Gravitational wave observations have a high potential to probe cosmology.
Several processes operating in the early universe can act as sources of a stochastic gravitational wave background. Because of the weakness of the gravitational interaction, a stochastic gravitational wave background of cosmological origin forms a fossil radiation that in its amplitude, spectral shape and frequency range contains information on the nature of the source that generated it. The detection of this fossil background would have a profound impact on our knowledge of the early universe, possibly similar to the impact that the measurement of the Cosmic Microwave Background and of its temperature fluctuations had in the last decades.
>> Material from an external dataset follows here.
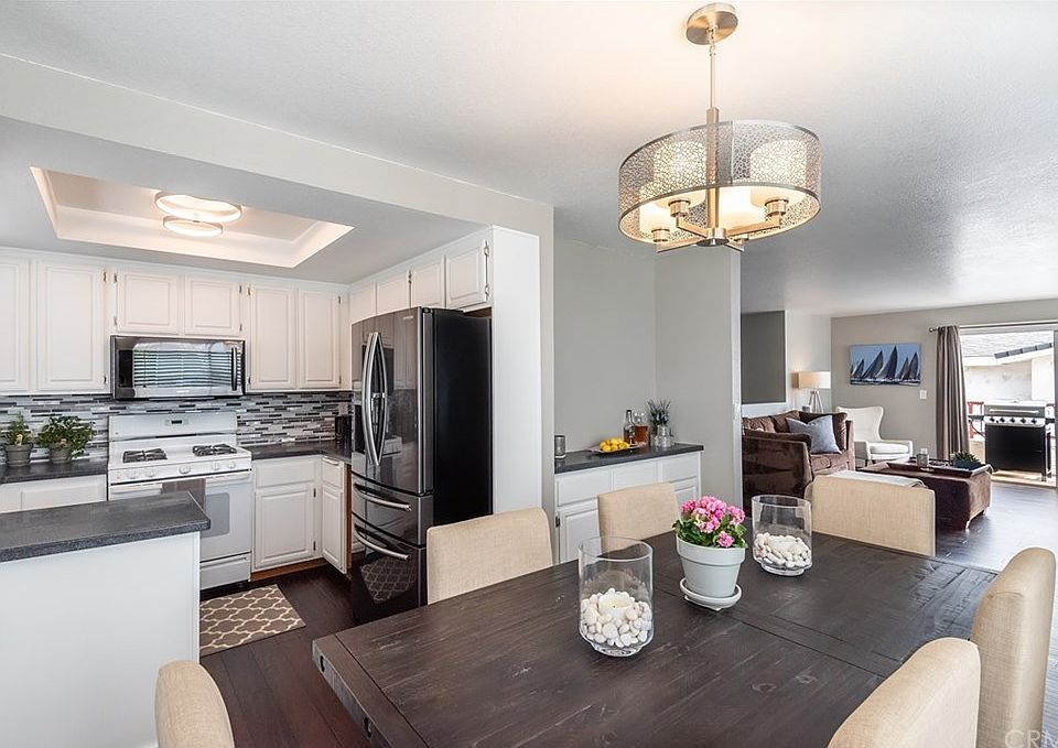 Sharp remodel combined with tech smart features. Situated in Point Fermin, LA's most southern neighborhood in San Pedro, this end-unit townhome brings stylish updates to each and every room. This 2 bed / 2.5 bath home also includes a wrap around balcony off of the living area with peek-a-boo ocean views. Coffee-stained bamboo floors with freshly painted walls & cabinets frame many upgrades including smart home technology to control lighting systems from phone, computer or home assistant. Additionally, a Nest and Nest Protect system control the A/C, heat and smoke/CO2 detectors. Kevo smart lock provides keyless remote entry. Upgrades throughout include: all new stylish lighting fixtures, electrical outlets, light switches, modern tall baseboards, new hardware on cabinets and doors, and window coverings. Kitchen upgrades include new backsplash and countertops, Blanco sink, Samsung microwave, sink faucet, and GFCI outlets and some USB ports. Bathroom upgrades include tile floors, new sinks, plumbing fixtures, toilets and all new hardware. Bedrooms feature an urban and open concept closet shelving system. The 2nd bedroom, currently used as an office/exercise room, offers rubber gym flooring. New fireplace mantel with glass rock firebox set. Laundry closet located inside unit. Large private storage room is in garage. Walk to Cabrillo Beach, restaurants and Point Fermin Park. Future development at nearby Ports O'Call Village will offer additional shops and entertainment.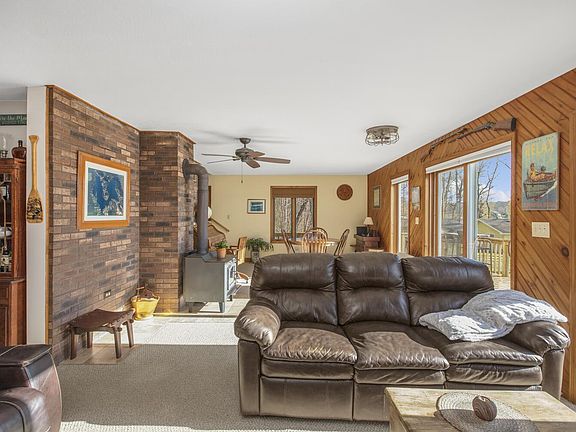 This three-bedroom, two-bath, 2,400-square-foot home overlooks all-sports Shavehead Lake from a terraced .29-acre lot with 90 feet of waterfront on a quiet dead-end road amid woods, fields, wildlife, waterfalls and spectacular sunrises. A bunkhouse with electricity, knotty-pine walls and ceiling, and bunks stands by the waterside with a firepit, stone seawall, shallow, sandy entrance, and dock. The main level includes an open living area with knotty pine and brick accents, a brick woodstove, access to a wraparound upper deck, and panoramic lake views; a dining area; a kitchen with stainless appliances and exterior access; a bedroom; and a bath. Upstairs are two bedrooms and a bath. Downstairs are a laundry and utility room with toilet, a storage area with garage door, and a sitting area with access to a covered patio. Some furniture, including a kitchen china cabinet and bedroom suites, is included.

By means of LISA we will be able to probe the characteristics of the particle physics model underlying the universe up to scales higher than those presently reached at the LHC. For instance, the shape of the stochastic background can unveil the nature of the electroweak sector, test the occurrence of high energy phase transitions and the formation of topological defects, and provide new information on the theory of inflation. Gravitational wave sources such as binaries inspirals can be used as standard sirens (the gravitational wave analogue of standard candles) to measure the rate of expansion of the universe and the equation of state of dark energy. The gravitational wave emission from compact binaries and the propagation of the waves through the perturbed universe can test gravitational theories beyond General Relativity.
The primary task of the Cosmology Working Group is to precisely assess the potential of the LISA mission to probe cosmology. It is also a task of the group to identify and discuss research topics that are in a broad sense relevant in the context of gravitational wave science and its connection to cosmology.